> [THE DATA]:
────────────────────────────────────────

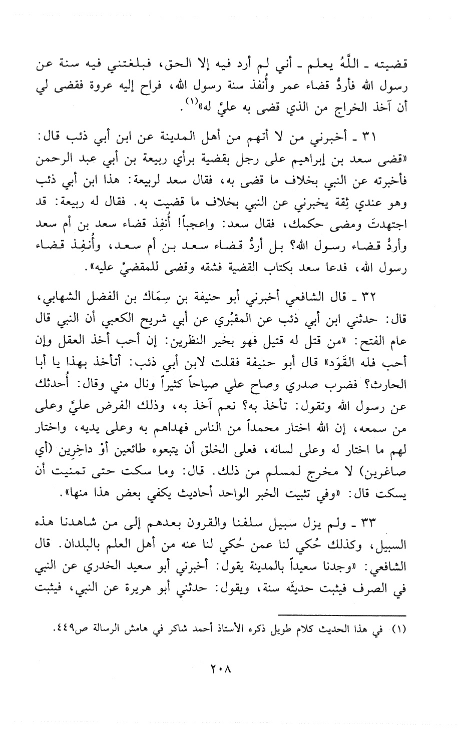 33 - ولم يزل سبيل سلفنا والقرون بعدهم إلى من شاهدنا هذه السبيل، وكذلك حُكِيَ لنا عمن حُكِيَ لنا عنه من أهل العلم بالبلدان. قال الشافعي: «وجدنا سعيداً بالمدينة يقول: أخبرني أبو سعيد الخُدري عَنْ النَّبِيِّ في الصرف فيثبت حديثَه سُنَّةً، ويقول: حدثني أبو هريرة عَنْ النَّبِيِّ، فيثبت
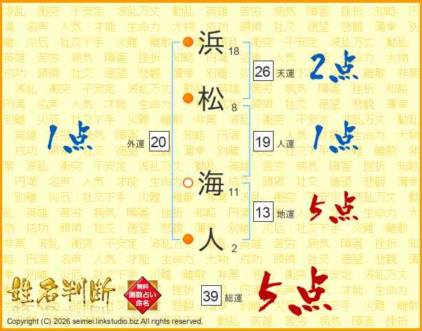 あなたの人生を表す1番重要な運勢です。生涯を通じて影響する総合運となり、主に50歳以降の晩年期に影響を及ぼします。苗字と名前の合計画数。
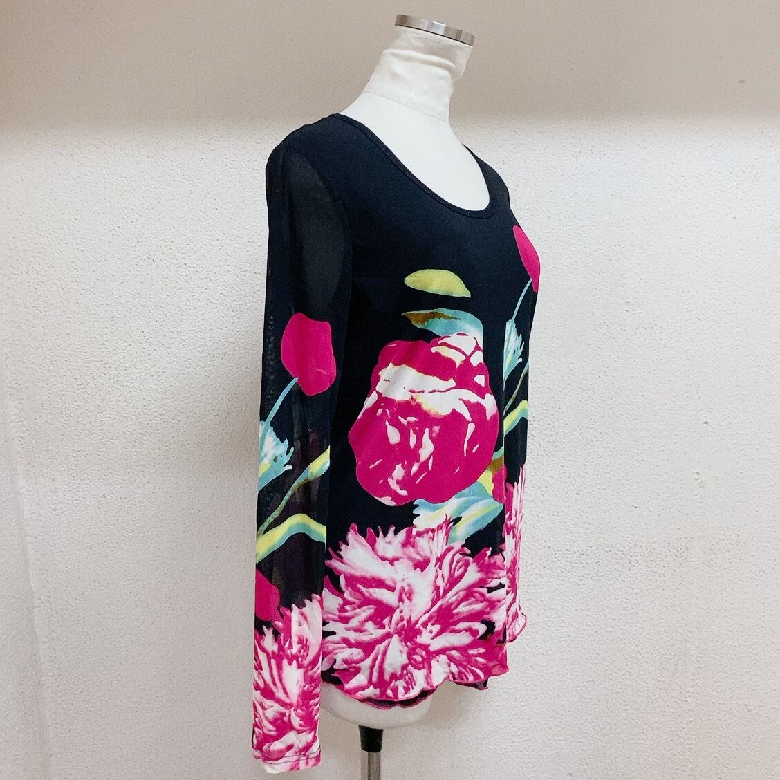 ヴィンテージ 長袖トップス 黒 花柄 vintage tops
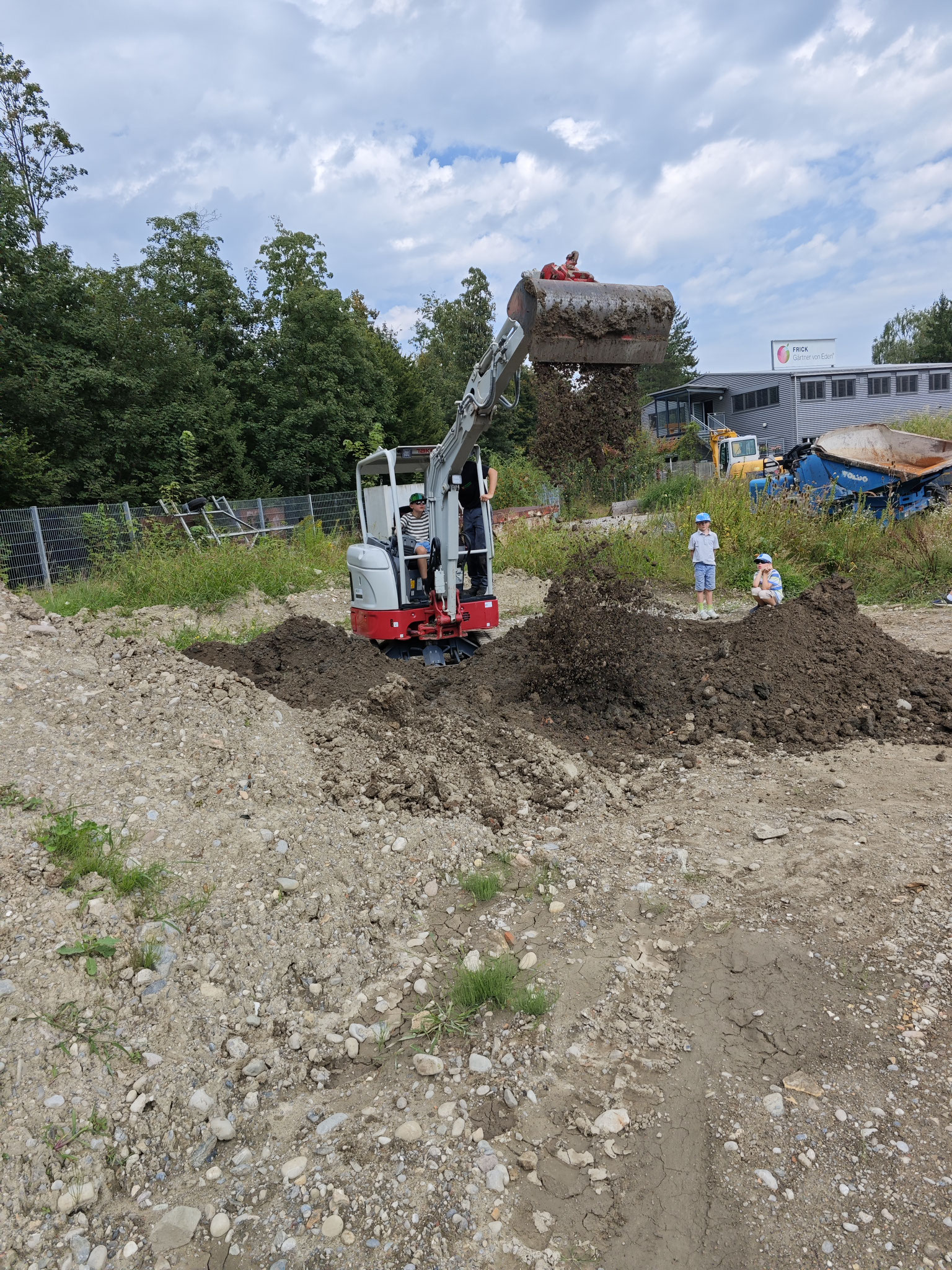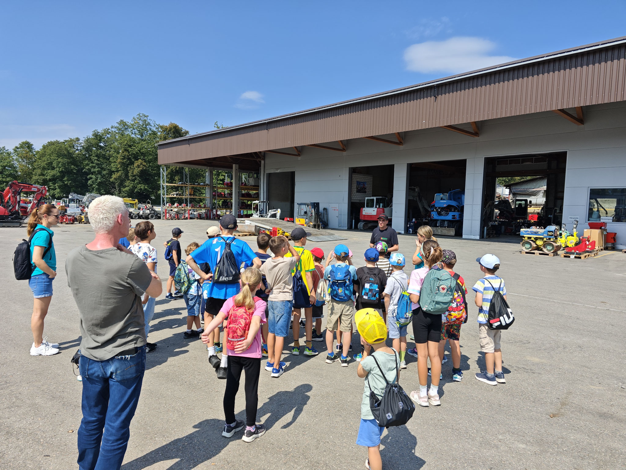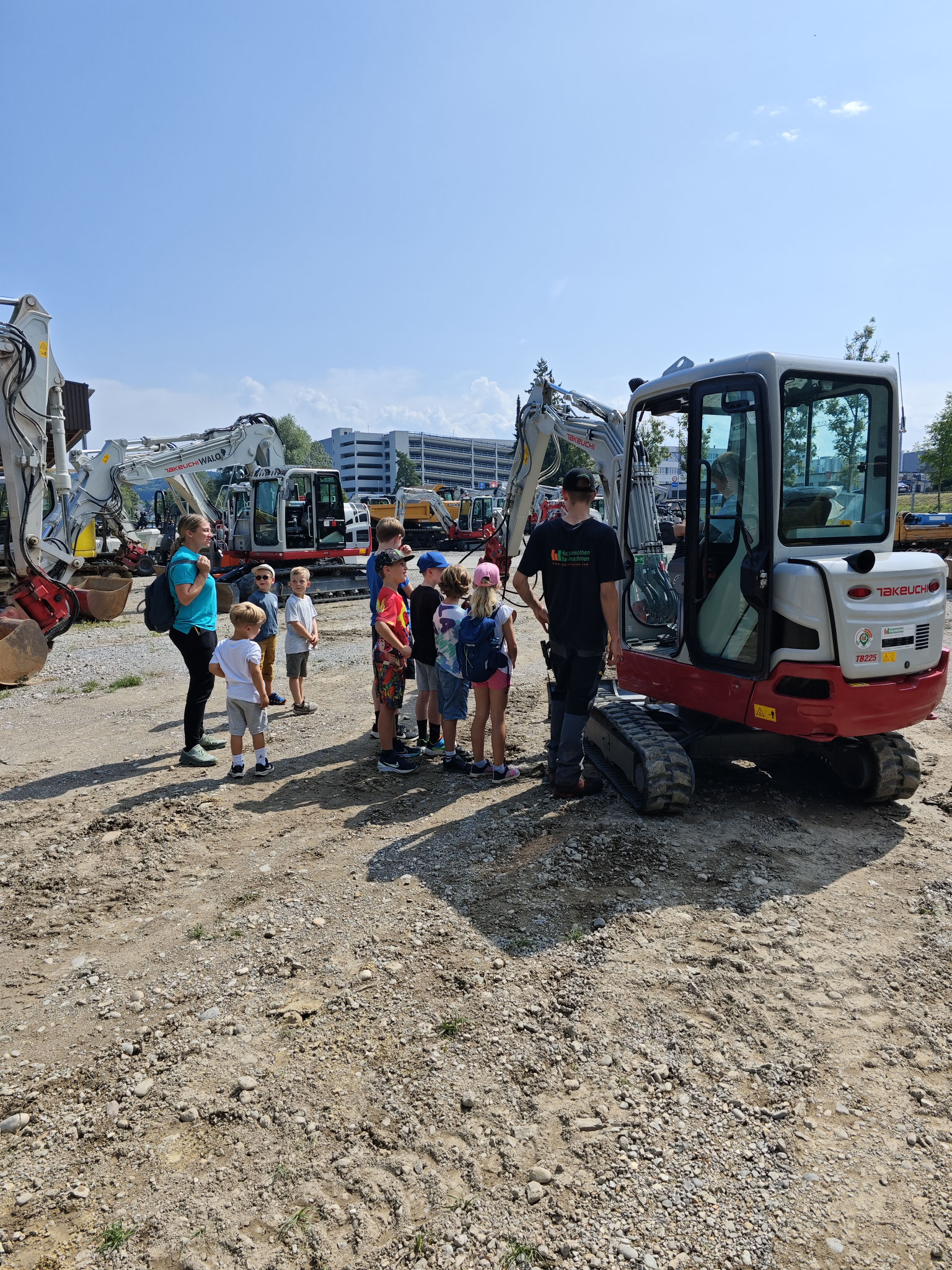 Die Gruppe wurde auf dem Firmengelände herzlich empfangen. Nach einer kurzen Einführung in den Betrieb wartete das grosse Highlight: Die Kinder konnten selbst in einen Bagger steigen und unter Anleitung ausprobieren, wie sich das schwere Fahrzeug steuern lässt.

────────────────────────────────────────

> [WHAT THE EXERCISE ASKS]: Leaving the pictures out, output each line of the listing exactly.

> [ANSWER TO THE PROBLEM]:
 33 - ولم يزل سبيل سلفنا والقرون بعدهم إلى من شاهدنا هذه السبيل، وكذلك حُكِيَ لنا عمن حُكِيَ لنا عنه من أهل العلم بالبلدان. قال الشافعي: «وجدنا سعيداً بالمدينة يقول: أخبرني أبو سعيد الخُدري عَنْ النَّبِيِّ في الصرف فيثبت حديثَه سُنَّةً، ويقول: حدثني أبو هريرة عَنْ النَّبِيِّ، فيثبت
 あなたの人生を表す1番重要な運勢です。生涯を通じて影響する総合運となり、主に50歳以降の晩年期に影響を及ぼします。苗字と名前の合計画数。
 ヴィンテージ 長袖トップス 黒 花柄 vintage tops
 Die Gruppe wurde auf dem Firmengelände herzlich empfangen. Nach einer kurzen Einführung in den Betrieb wartete das grosse Highlight: Die Kinder konnten selbst in einen Bagger steigen und unter Anleitung ausprobieren, wie sich das schwere Fahrzeug steuern lässt.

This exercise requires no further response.